Learn R Programming

Seurat (version 1.2.1)

mean.var.plot: Identify variable genes

Description

Identifies genes that are outliers on a 'mean variability plot'. First, uses a function to calculate average expression (fxn.x) and dispersion (fxn.y) for each gene. Next, divides genes into num.bin (deafult 20) bins based on their average expression, and calculates z-scores for dispersion within each bin. The purpose of this is to identify variable genes while controlling for the strong relationship between variability and average expression.

Usage

mean.var.plot(object, fxn.x = expMean, fxn.y = logVarDivMean, do.plot = TRUE, set.var.genes = TRUE, do.text = TRUE, x.low.cutoff = 4, x.high.cutoff = 8, y.cutoff = 2, y.high.cutoff = 12, cex.use = 0.5, cex.text.use = 0.5, do.spike = FALSE, pch.use = 16, col.use = "black", spike.col.use = "red", plot.both = FALSE, do.contour = TRUE, contour.lwd = 3, contour.col = "white", contour.lty = 2, num.bin = 20)

Arguments

object
Seurat object
fxn.x
Function to compute x-axis value (average expression). Default is to take the mean of the detected (i.e. non-zero) values
fxn.y
Function to compute y-axis value (dispersion). Default is to take the standard deviation of all values/
do.plot
Plot the average/dispersion relationship
set.var.genes
Set object@var.genes to the identified variable genes (default is TRUE)
do.text
Add text names of variable genes to plot (default is TRUE)
x.low.cutoff
Bottom cutoff on x-axis for identifying variable genes
x.high.cutoff
Top cutoff on x-axis for identifying variable genes
y.cutoff
Bottom cutoff on y-axis for identifying variable genes
y.high.cutoff
Top cutoff on y-axis for identifying variable genes
cex.use
Point size
cex.text.use
Text size
do.spike
FALSE by default. If TRUE, color all genes starting with ^ERCC a different color
pch.use
Pch value for points
col.use
Color to use
spike.col.use
if do.spike, color for spike-in genes
plot.both
Plot both the scaled and non-scaled graphs.
do.contour
Draw contour lines calculated based on all genes
contour.lwd
Contour line width
contour.col
Contour line color
contour.lty
Contour line type
num.bin
Total number of bins to use in the scaled analysis (default is 20)

Value

Returns a Seurat object, placing variable genes in object@var.genes.

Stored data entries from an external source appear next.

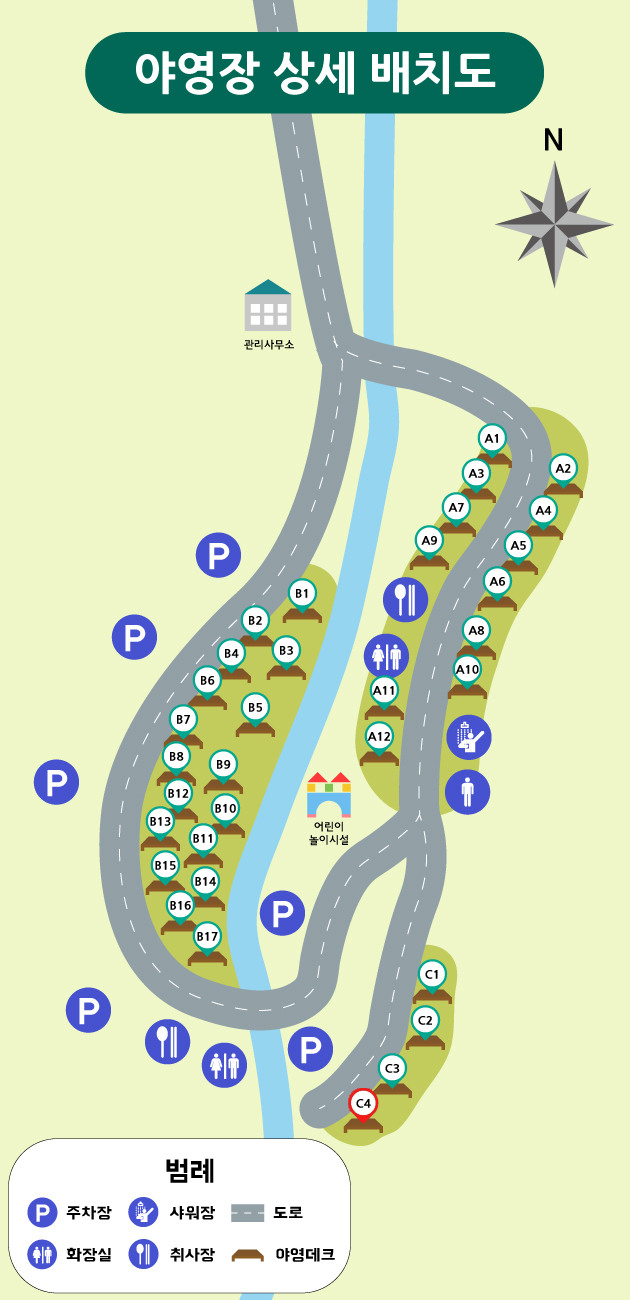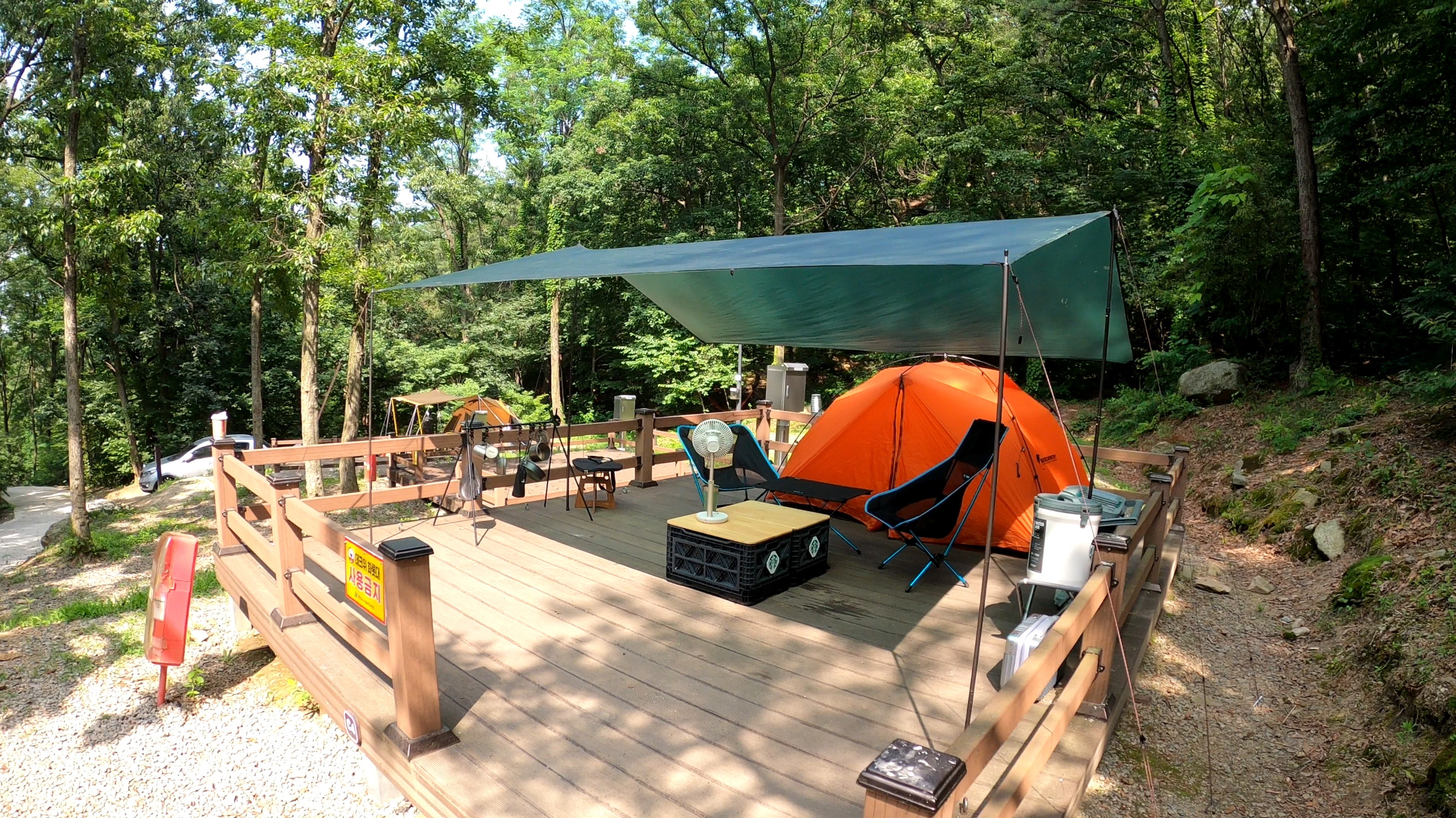 예약한 사이트는 C구역의 맨 안쪽 사이트인 C4 데크로 화장실과 취사장과 가깝기도 하고 맨 끝에 있어 한적하게 즐기기에 좋은 자리였다. 게다가 C3 구역은 사회적 거리두기로 비어있었던 터라 더더욱 조용했던 곳.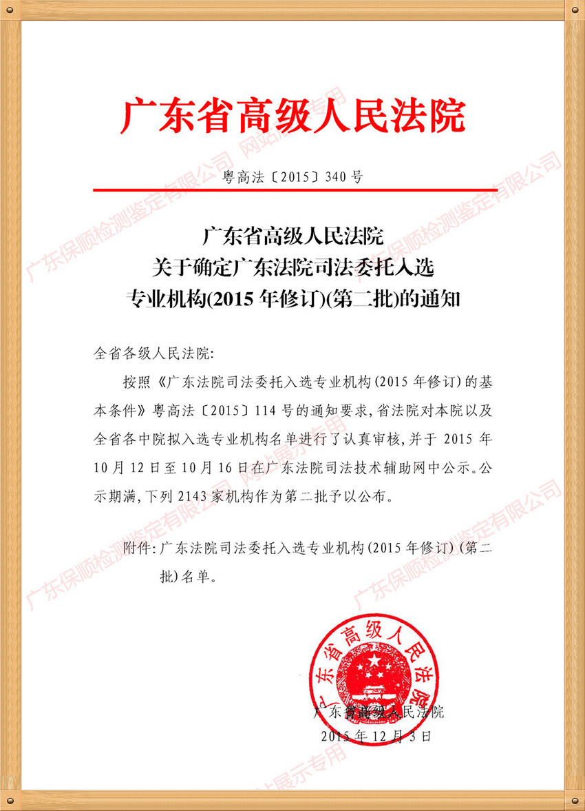 按照《廣東法院司法委托入選專業機構(2015年修訂)的基本條件》粵高法[2015]114號的通知要求,廣東省高級人民法院對本院及全省各中院擬入選專業機構名單進行了認真審核。經過法院審查核實,我司順利入選“廣東省高級人民法院”司法委托專業機構名錄。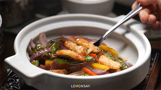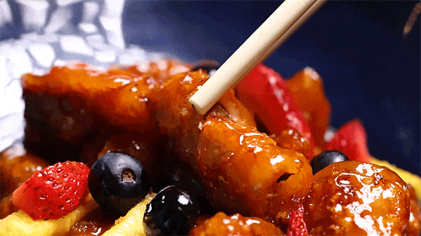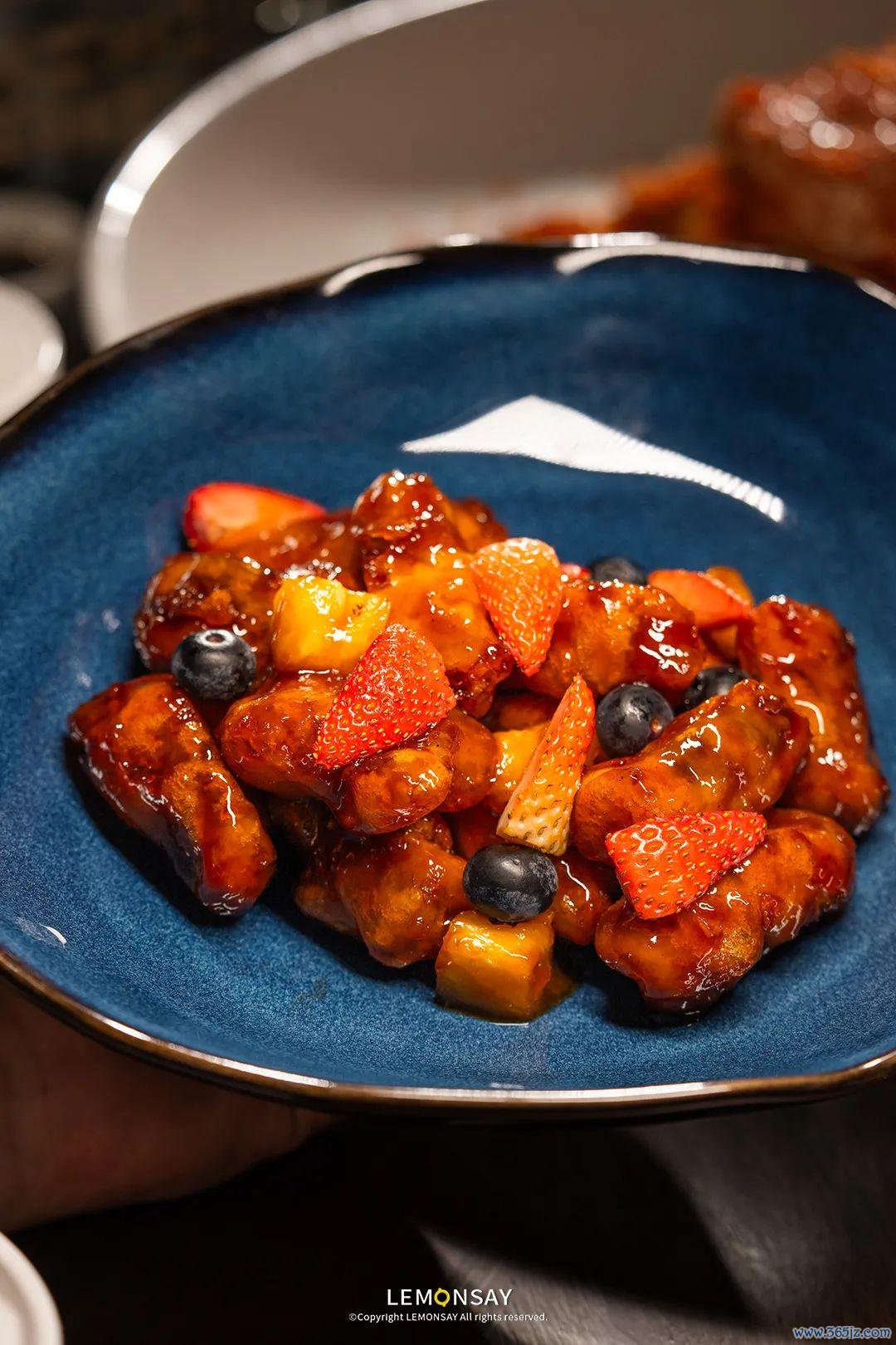 这谈证明陶陶居经典牌号冰镇咕噜肉为灵感,不息升级,现点现卷,手工将坚果酿入猪颈肉内,先炸再炒作念成咕噜肉,外酥里嫩进口满嘴坚果香。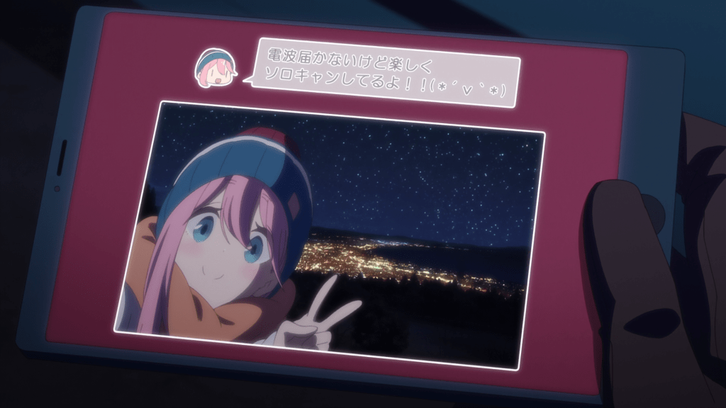 It feels a little silly how long it has taken for Nadeshiko to camp solo but maybe it feels that way because Laid-Back Camp technically had Nadeshiko camp solo already in Season 1’s ending. Regardless, Nadeshiko’s trip finally begins in earnest with this episode having her arrive at her campsite, Fujikawa Health Ryokuchi Park in Fujinomiya. I got to say, Nadeshiko sure did her homework. The weather seems nice. The bathrooms are apparently clean. Campfires aren’t allowed but the park does have a designated are for cooking. All these perks are things Rin recommended for Nadeshiko to look for online and it seems like the latter really did take the advice to heart. The only thing Nadeshiko seems to have overlooked is the internet reception, which becomes a relevant detail later in the episode.
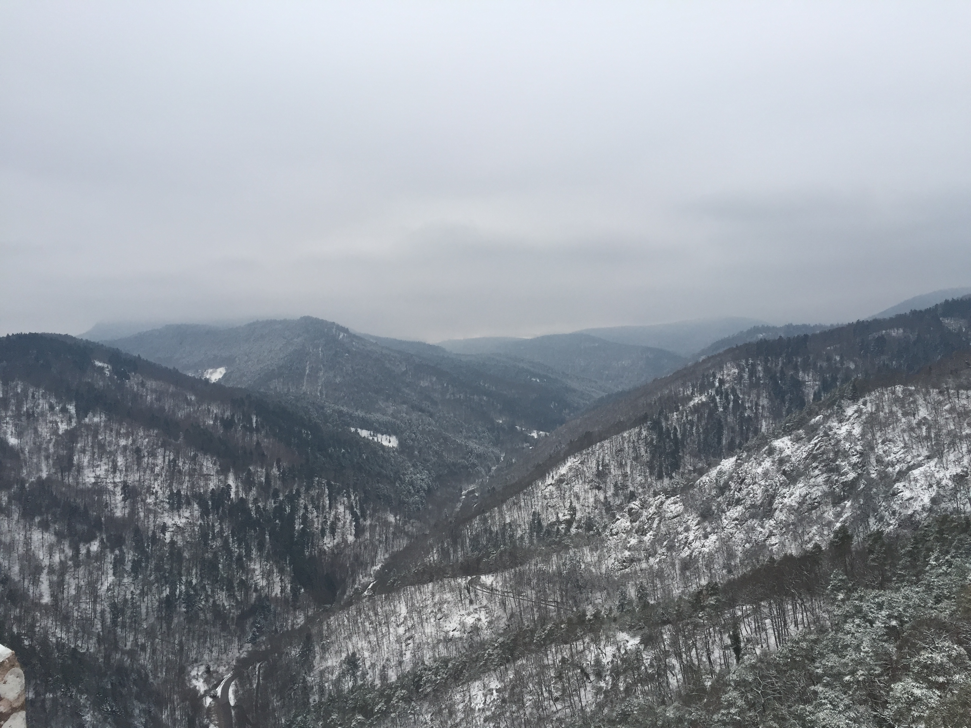 Ce château a été bâti au 11e siècle. C’est au 16e qu’il tombera a l’abandon et commencera à se ruiner. La vue était magnifique, en arrière plan de longues rangées de montagne. Attention, en cette saison il y a de la neige glacée sur les marches ! 👍🏻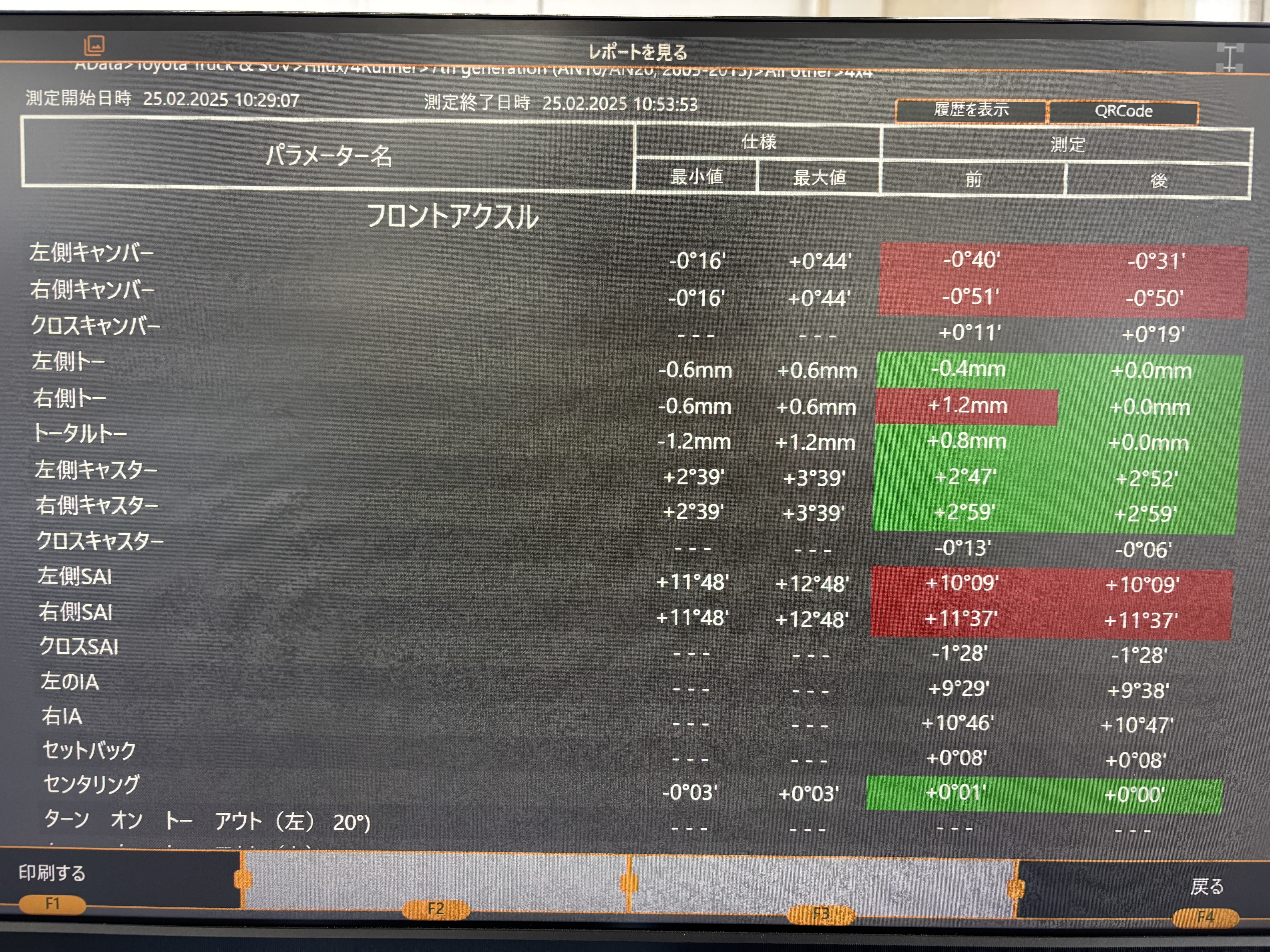 本日はトヨタ:ハイラックスサーフのアライメント調整の作業をさせていただきました!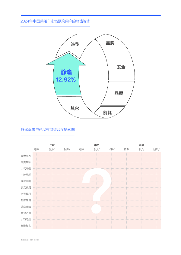 2024年中国购车用户的静谧诉求为12.92%,在整体排行中比较靠后,静谧性的价值可能更聚焦于某个细分车市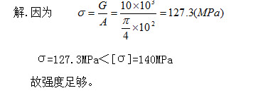 195、问答题 计算题:当使用一根φ10mm的圆钢吊一重量G为10KN的重物时,若圆钢材料的许用拉应力[σ]=140MPa,验算该圆钢的强度是否足够?

The result of all analysis is stored in object@mean.var

Details

Exact parameter settings may vary empirically from dataset to dataset, and based on visual inspection of the plot. Setting the y.cutoff parameter to 2 identifies genes that are more than two standard deviations away from the average dispersion within a bin. The default X-axis function is the mean expression level, and for Y-axis it is the log(Variance/mean). All mean/variance calculations are not performed in log-space, but the results are reported in log-space - see relevant functions for exact details.